Cultivation and Characterization of Viruses Infecting Eukaryotic Phytoplankton from the Tropical North Pacific Ocean.

Abstract

Death by viral infection rivals predation as a source of mortality for all types of microscopic plankton in the ocean, including phytoplankton that are the foundation of the marine food web. This has profound consequences for plankton ecology and nutrient cycling in the sea. Viruses tend to be quite specific in the cells they infect, so the known extraordinary diversity among the marine phytoplankton implies that there is a similar high diversity of viruses in the sea. Our knowledge of viral diversity in the ocean has dramatically improved in recent years using metagenomic techniques (random sequencing of genome fragments from mixed communities). However, basic information about the viruses being detected, such as which organisms they infect and the details of their infection cycle cannot be reliably determined from sequence data alone. Having more model virus-host systems in culture that can be experimentally manipulated and studied in the lab would provide valuable new insights into the functional roles of the viruses in the marine food web. In this dissertation, cultivation-based techniques were used to characterize novel virus-host systems for eukaryotic phytoplankton from the tropical North Pacific Ocean, thereby identifying new virus-host linkages and establishing model systems for further study.
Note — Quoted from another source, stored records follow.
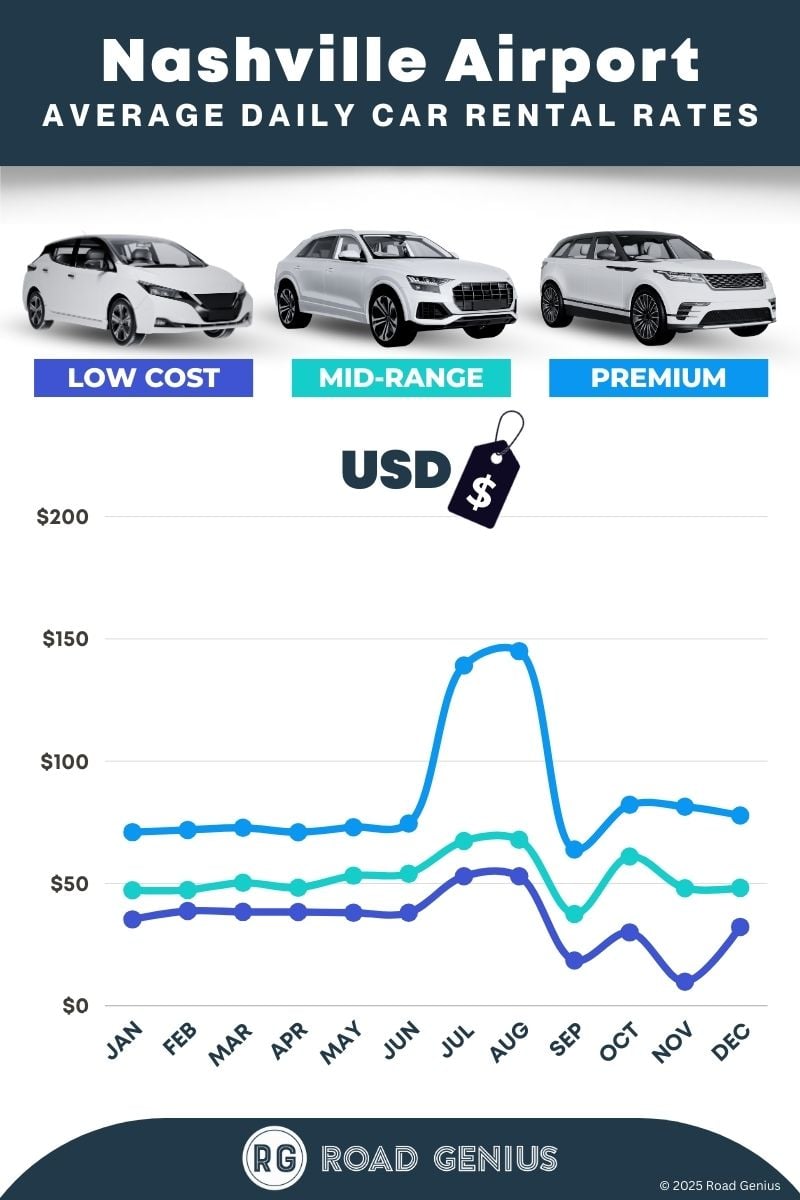 On average, car rentals at Nashville Airport cost around $58 per day, with the lowest-priced rentals starting at $10 per day.
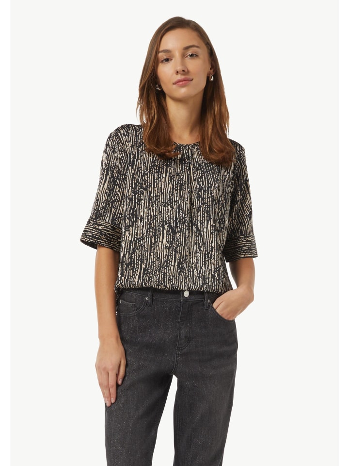 Satin Sensation: Эта блузка с принтом по всей поверхности сочетает в себе элегантность и комфорт. Она предлагает универсальные варианты для любого сезона. Струящаяся ткань из 100% вискозы невероятно мягка на ощупь и дарит ощущение роскоши. Сочетайте блузку с брюками строгого кроя для создания делового образа или с джинсами для создания повседневного стиля.
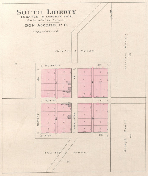The Bon Accord post office and general store were located in a building on Lot 8, Block 3 at the southeast corner of Guffins and Washington Streets. A mill and a separate building for a blacksmith shop were located in Lot 6, Block 2 facing Washington Street. A fourth unnamed building was shown in the lot south of the general store and post office. That might have been a saddle and harness shop in 1882. In that year, Charles Rede was the general store owner. The Bon Accord post office was in service from 1859 to 1897, and then it was known as South Liberty until sometime before 1912 when the post office was reported abandoned. South Liberty continued to be shown on plats until about 1939, but 1930s aerial photos indicate the village was entirely gone by that point.
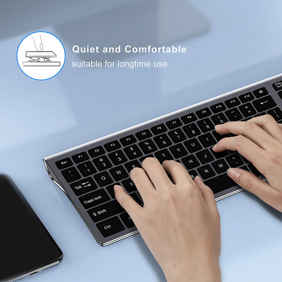 ✔Почему эта беспроводная клавиатура мышь комбо особенная --- стильный, благородный, элегантный, уникальный, красивый внешний вид, эргономичный тонкий и Перезаряжаемый дизайн-позволит вам наслаждаться высококачественной жизнью-высококлассный переключатель ножниц, тихие клавиши, эргономичный наклон, обтекаемый и модный дизайн клавиатуры позволит вам наслаждаться комфортным набором текста и щелчком. Обеспечьте лучшую жизнь и опыт работы для вас! Lekvey Премиум беспроводная клавиатура и мышь-идеальный компаньон для вашего офиса и дома!

Over 300 phytoplankton strains were cultivated and used in the isolation of over 60 virus strains. Described herein is a summary of these isolation efforts, including preliminary characterizations for 19 virus isolates using electron microscopy and genome sequencing. This is followed by more in-depth analyses of the genome and virion proteome of the giant virus Tetraselmis virus 1 (TetV-1), which infects the cosmopolitan green alga Tetraselmis. This work establishes new virus-host linkages and highlights previously uncharacterized viral diversity, including the first protist-infecting isolates from viral families previously only known to infect plants or animals. Furthermore, the genomic analyses have revealed a high number of viral encoded metabolic genes not previously seen in viruses, and the proteomic analyses have identified novel virion-associated enzymes. Marine viruses continue to represent an enormous amount of unknown or uncharacterized taxonomic and metabolic diversity, and this work demonstrates the utility of cultivation-based approaches in illuminating some of these mysteries.